If we go back to Peter’s question, “Lord, if my brother/sister sins against me, how often must I forgive?”, we notice the seeming challenge of forgiveness. As a Jew, Peter’s thought to follow the regular standard. The Jewish tradition places forgiveness at most three times. The prophet Amos pictures God punishing the foreign nations after only three offenses against him. Regarding Damascus, Gaza, Tyre, Edom and Ammon, God says, “For their three crimes, I will not revoke my word” (Cf. Amos 1: 3-15).  In that sense, Peter is generous enough to offer, “As many as seven times?” Seven, for Peter signifies wholeness. However, Jesus raises the forgiveness bar so high, “I say to you, not seven times but seventy-seven times”. Can we really be that forgiving? What is Christ saying to us by that statement? Forgiveness has no limit. Forgiveness can hurt the forgiver. Forgiveness is divine. 

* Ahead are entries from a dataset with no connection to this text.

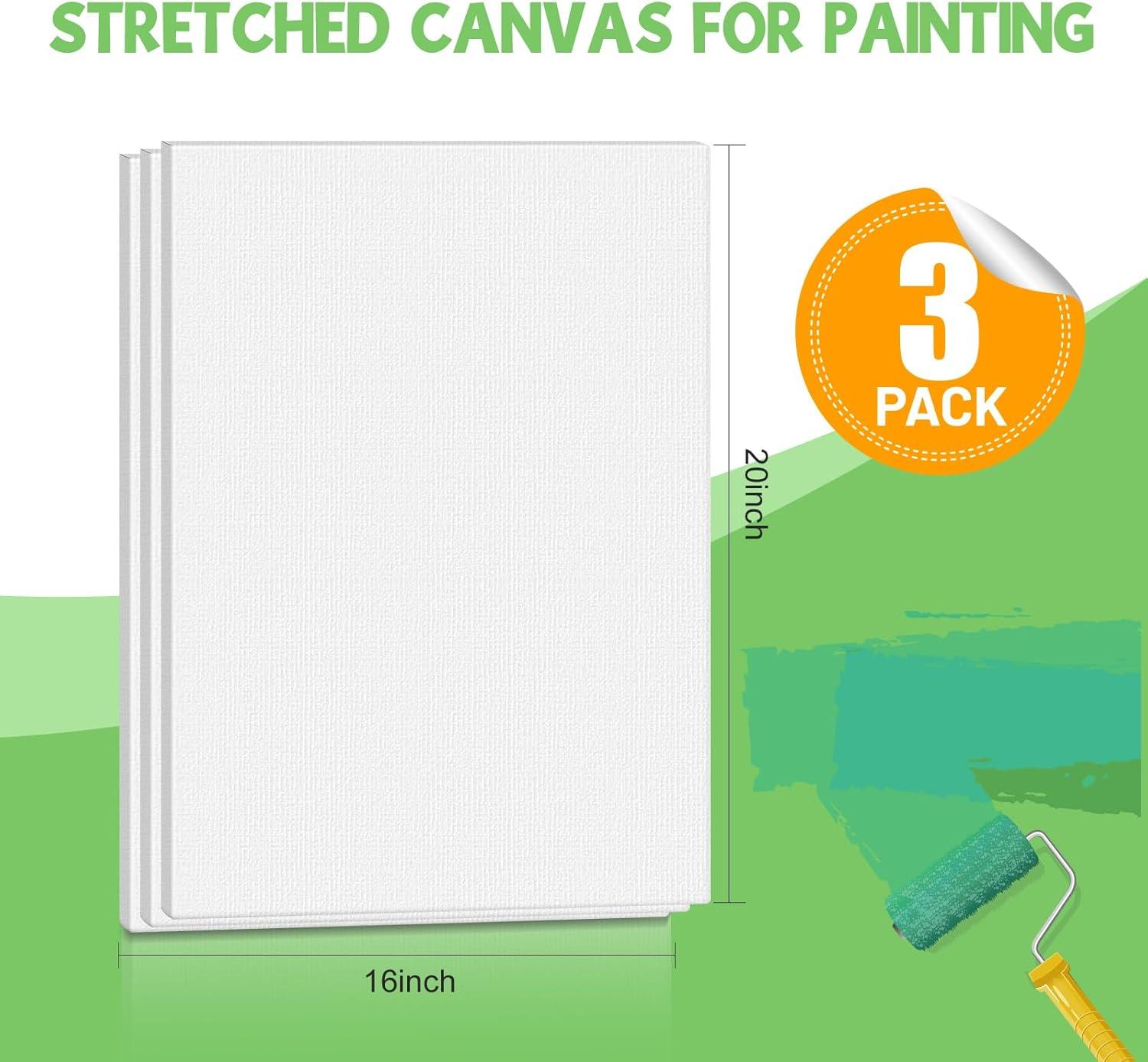 ESRICH Stretched Canvas for Painting 5×7, 60 Pack Small Canvases for Painting 5/8″ Profile Primed Acid-Free Blank Painting Canvas for Kids & Artists for Decorations, Painting Parties.(3Pack-16×20 Canvas)
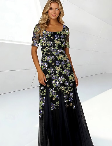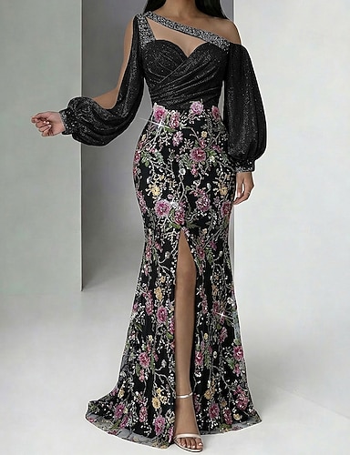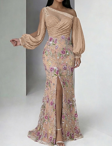 シース/コラム フロアレングス フォーマルドレス イブニングガウン エレガント ビンテージ 長袖 ボートネック プロム イブニングパーティー 刺繍花 ビーディング スパンコール付き
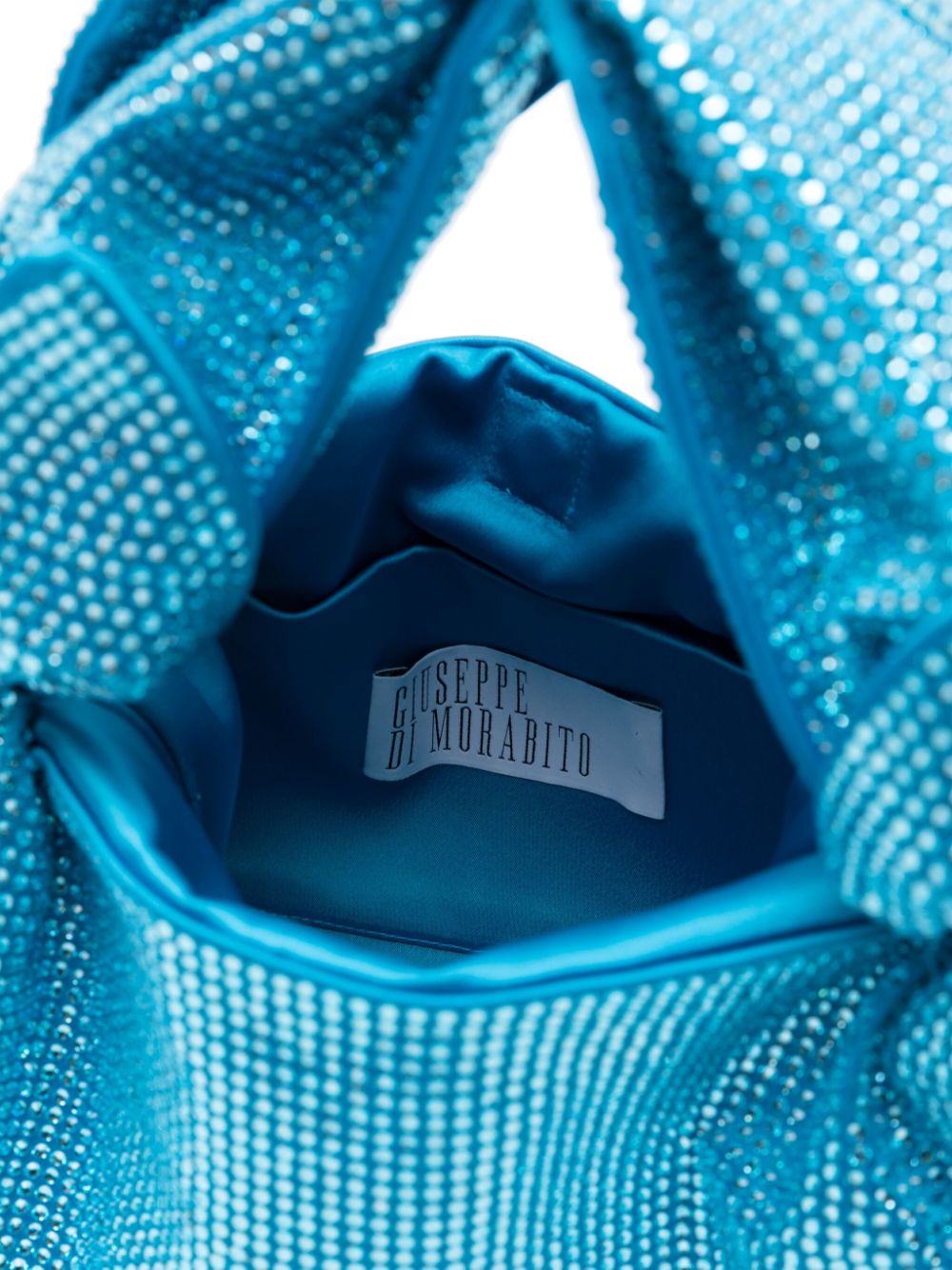 azure rhinestone embellishment knot detailing concealed magnetic fastening two top handles satin lining internal logo patch internal patch pocket main compartment
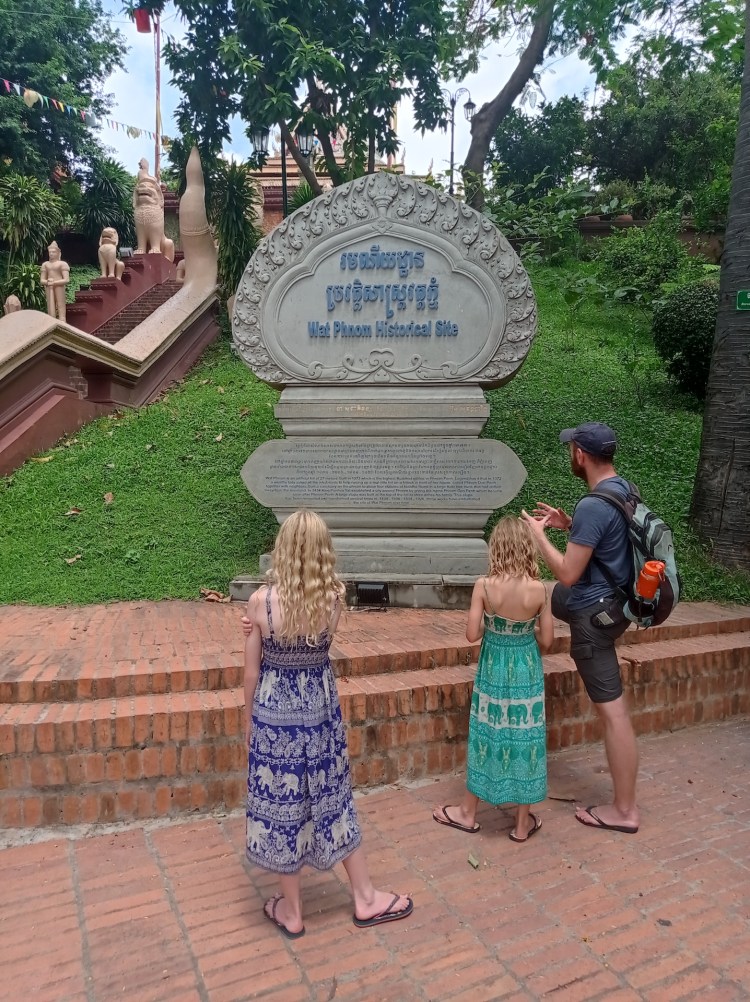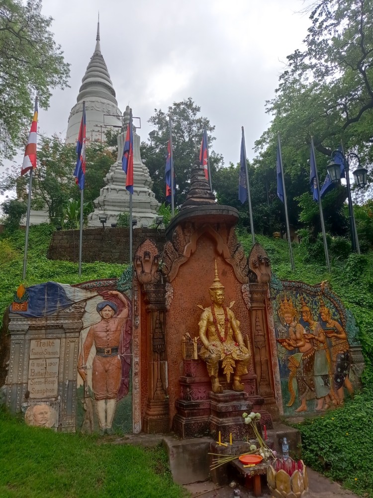 Après cette balade infructueuse, nous partons à la découverte de Wat Phnom, le temple de la colline, dont voici la légende:
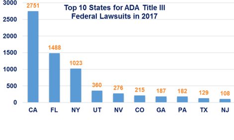 [Graph: Top 10 States for ADA Title III Federal Lawsuits in 2017: CA 2751, FL 1488, NY 1023, UT 360, NV 276, CO 215, GA 187, PA 182, TX 129, NJ 108.]
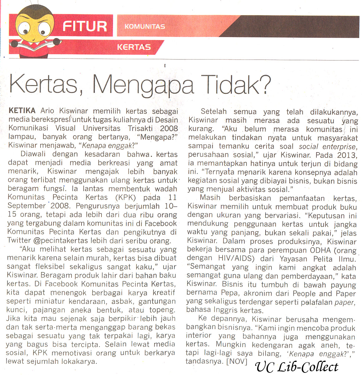 Kertas, Mengapa Tidak.Kompas 25 Januari 2014.Hal.41

In today’s world, anger is real. There are lots of hurtful feelings. There are lots of reasons to be angry. Friendships become sour. Leadership gets more selfish. Couples feel angry for betrayal, lies, infidelity. Citizens of nations feel angry, frustrated. The powerful trample on the weak. Some employers act so mean and treat employees poorly. Parents feel terrible about children’s behavior. Children are upset with parents. Different questions are asked, “Should I forgive my ex-husband, ex-wife? Should I forgive my son? Should I forgive my colleague? Should I forgive the president, governor, or anyone in authority that says and does things that get me constantly upset?” The answer lies in today’s readings. The result of anger is frustration, excess drinking, feelings of vengeance. The solution is to look for anger management therapies. That’s fine. But let us know that anger hurts more than forgiveness. Forgiveness is the divine therapy which Christ offers. 

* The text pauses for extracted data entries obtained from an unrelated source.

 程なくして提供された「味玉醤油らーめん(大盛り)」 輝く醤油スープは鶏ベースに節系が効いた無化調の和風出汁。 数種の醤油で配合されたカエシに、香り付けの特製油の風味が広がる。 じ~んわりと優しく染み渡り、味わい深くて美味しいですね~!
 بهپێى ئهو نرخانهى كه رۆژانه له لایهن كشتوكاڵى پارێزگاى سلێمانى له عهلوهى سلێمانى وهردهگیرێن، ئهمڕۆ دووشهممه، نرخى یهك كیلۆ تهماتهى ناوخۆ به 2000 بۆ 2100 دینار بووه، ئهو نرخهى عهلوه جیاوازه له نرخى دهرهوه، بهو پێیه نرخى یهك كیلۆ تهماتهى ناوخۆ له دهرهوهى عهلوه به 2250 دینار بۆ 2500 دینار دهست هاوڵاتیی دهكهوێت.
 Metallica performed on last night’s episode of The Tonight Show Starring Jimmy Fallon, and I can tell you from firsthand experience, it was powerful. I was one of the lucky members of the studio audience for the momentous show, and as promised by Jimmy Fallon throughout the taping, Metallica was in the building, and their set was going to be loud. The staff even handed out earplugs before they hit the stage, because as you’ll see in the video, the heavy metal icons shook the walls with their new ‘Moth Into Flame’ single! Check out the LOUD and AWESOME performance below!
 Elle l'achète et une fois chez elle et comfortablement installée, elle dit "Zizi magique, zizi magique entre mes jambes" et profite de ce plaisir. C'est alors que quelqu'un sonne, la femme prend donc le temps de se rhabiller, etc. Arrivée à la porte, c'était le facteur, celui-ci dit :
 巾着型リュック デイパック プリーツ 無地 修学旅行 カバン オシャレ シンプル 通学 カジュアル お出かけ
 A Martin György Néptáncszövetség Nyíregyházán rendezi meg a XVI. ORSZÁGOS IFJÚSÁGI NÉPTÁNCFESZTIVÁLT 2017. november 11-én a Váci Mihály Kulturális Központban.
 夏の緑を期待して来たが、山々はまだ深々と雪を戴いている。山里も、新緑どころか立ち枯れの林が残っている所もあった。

You can only be healed of anger if you get rid of it in your heart. The more it stays there, the less you become yourself. The more you feel anger, the more of a beast you become. Take your anger to Jesus, the greatest anger management therapist, who says to God on the cross, “Father, forgive them for they know not what they do” (Lk. 23:34). In the words of Saint Paul, I say to you, “No one lives for himself only, no one dies for himself only. If we live, we live for the Lord, and if we die, we die for the Lord” (Rom. 14:8). Recognize that you live for Jesus, and let him help you take care of the cause of your anger.

May the Lord clean up the anger in our hearts and heal us with his forgiveness. Amen.